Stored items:
>>>>
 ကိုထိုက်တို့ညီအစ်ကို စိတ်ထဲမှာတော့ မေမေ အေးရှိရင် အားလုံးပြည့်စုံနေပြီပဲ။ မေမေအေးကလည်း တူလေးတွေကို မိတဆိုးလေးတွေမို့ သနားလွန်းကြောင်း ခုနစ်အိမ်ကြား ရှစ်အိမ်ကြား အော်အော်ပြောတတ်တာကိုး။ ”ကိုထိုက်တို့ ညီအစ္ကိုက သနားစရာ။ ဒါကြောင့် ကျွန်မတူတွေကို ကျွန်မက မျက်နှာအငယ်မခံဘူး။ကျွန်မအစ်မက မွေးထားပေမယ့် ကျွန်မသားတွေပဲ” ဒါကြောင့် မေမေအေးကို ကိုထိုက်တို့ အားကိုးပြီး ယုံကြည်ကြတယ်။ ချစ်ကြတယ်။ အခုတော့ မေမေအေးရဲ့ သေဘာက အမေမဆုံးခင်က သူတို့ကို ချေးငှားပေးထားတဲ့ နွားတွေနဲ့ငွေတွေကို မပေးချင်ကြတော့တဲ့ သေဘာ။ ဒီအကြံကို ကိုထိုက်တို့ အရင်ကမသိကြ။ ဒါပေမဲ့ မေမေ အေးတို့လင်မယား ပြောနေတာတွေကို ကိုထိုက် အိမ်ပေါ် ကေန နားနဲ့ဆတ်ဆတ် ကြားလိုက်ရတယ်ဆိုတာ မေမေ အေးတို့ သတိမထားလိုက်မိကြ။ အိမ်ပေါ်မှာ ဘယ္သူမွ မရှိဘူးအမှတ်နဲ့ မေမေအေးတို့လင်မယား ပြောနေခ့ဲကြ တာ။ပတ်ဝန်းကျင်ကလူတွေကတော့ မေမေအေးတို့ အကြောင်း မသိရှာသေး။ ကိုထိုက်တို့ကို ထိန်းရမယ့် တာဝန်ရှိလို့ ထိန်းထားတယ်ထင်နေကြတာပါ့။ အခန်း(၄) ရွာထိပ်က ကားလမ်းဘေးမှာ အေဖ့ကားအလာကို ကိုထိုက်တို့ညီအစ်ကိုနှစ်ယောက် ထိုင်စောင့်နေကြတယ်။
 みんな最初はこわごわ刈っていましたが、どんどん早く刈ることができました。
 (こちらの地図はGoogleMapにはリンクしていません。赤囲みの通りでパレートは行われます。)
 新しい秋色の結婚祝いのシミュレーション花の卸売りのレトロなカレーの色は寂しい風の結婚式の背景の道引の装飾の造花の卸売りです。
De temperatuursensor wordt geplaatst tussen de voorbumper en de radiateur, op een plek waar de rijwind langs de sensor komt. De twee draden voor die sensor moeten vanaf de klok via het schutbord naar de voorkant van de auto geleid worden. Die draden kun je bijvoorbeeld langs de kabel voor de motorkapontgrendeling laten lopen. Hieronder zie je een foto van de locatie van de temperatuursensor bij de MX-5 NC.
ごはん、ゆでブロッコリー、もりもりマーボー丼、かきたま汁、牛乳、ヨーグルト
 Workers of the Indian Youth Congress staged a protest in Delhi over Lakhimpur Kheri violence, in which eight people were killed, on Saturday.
<<<<
The answer should contain only the lines from the first line of the entries through the line holding "ごはん、ゆでブロッコリー、もりもりマーボー丼、かきたま汁、牛乳、ヨーグルト", each exactly as written.

» **Reply to the task**
 ကိုထိုက်တို့ညီအစ်ကို စိတ်ထဲမှာတော့ မေမေ အေးရှိရင် အားလုံးပြည့်စုံနေပြီပဲ။ မေမေအေးကလည်း တူလေးတွေကို မိတဆိုးလေးတွေမို့ သနားလွန်းကြောင်း ခုနစ်အိမ်ကြား ရှစ်အိမ်ကြား အော်အော်ပြောတတ်တာကိုး။ ”ကိုထိုက်တို့ ညီအစ္ကိုက သနားစရာ။ ဒါကြောင့် ကျွန်မတူတွေကို ကျွန်မက မျက်နှာအငယ်မခံဘူး။ကျွန်မအစ်မက မွေးထားပေမယ့် ကျွန်မသားတွေပဲ” ဒါကြောင့် မေမေအေးကို ကိုထိုက်တို့ အားကိုးပြီး ယုံကြည်ကြတယ်။ ချစ်ကြတယ်။ အခုတော့ မေမေအေးရဲ့ သေဘာက အမေမဆုံးခင်က သူတို့ကို ချေးငှားပေးထားတဲ့ နွားတွေနဲ့ငွေတွေကို မပေးချင်ကြတော့တဲ့ သေဘာ။ ဒီအကြံကို ကိုထိုက်တို့ အရင်ကမသိကြ။ ဒါပေမဲ့ မေမေ အေးတို့လင်မယား ပြောနေတာတွေကို ကိုထိုက် အိမ်ပေါ် ကေန နားနဲ့ဆတ်ဆတ် ကြားလိုက်ရတယ်ဆိုတာ မေမေ အေးတို့ သတိမထားလိုက်မိကြ။ အိမ်ပေါ်မှာ ဘယ္သူမွ မရှိဘူးအမှတ်နဲ့ မေမေအေးတို့လင်မယား ပြောနေခ့ဲကြ တာ။ပတ်ဝန်းကျင်ကလူတွေကတော့ မေမေအေးတို့ အကြောင်း မသိရှာသေး။ ကိုထိုက်တို့ကို ထိန်းရမယ့် တာဝန်ရှိလို့ ထိန်းထားတယ်ထင်နေကြတာပါ့။ အခန်း(၄) ရွာထိပ်က ကားလမ်းဘေးမှာ အေဖ့ကားအလာကို ကိုထိုက်တို့ညီအစ်ကိုနှစ်ယောက် ထိုင်စောင့်နေကြတယ်။
 みんな最初はこわごわ刈っていましたが、どんどん早く刈ることができました。
 (こちらの地図はGoogleMapにはリンクしていません。赤囲みの通りでパレートは行われます。)
 新しい秋色の結婚祝いのシミュレーション花の卸売りのレトロなカレーの色は寂しい風の結婚式の背景の道引の装飾の造花の卸売りです。
De temperatuursensor wordt geplaatst tussen de voorbumper en de radiateur, op een plek waar de rijwind langs de sensor komt. De twee draden voor die sensor moeten vanaf de klok via het schutbord naar de voorkant van de auto geleid worden. Die draden kun je bijvoorbeeld langs de kabel voor de motorkapontgrendeling laten lopen. Hieronder zie je een foto van de locatie van de temperatuursensor bij de MX-5 NC.
ごはん、ゆでブロッコリー、もりもりマーボー丼、かきたま汁、牛乳、ヨーグルト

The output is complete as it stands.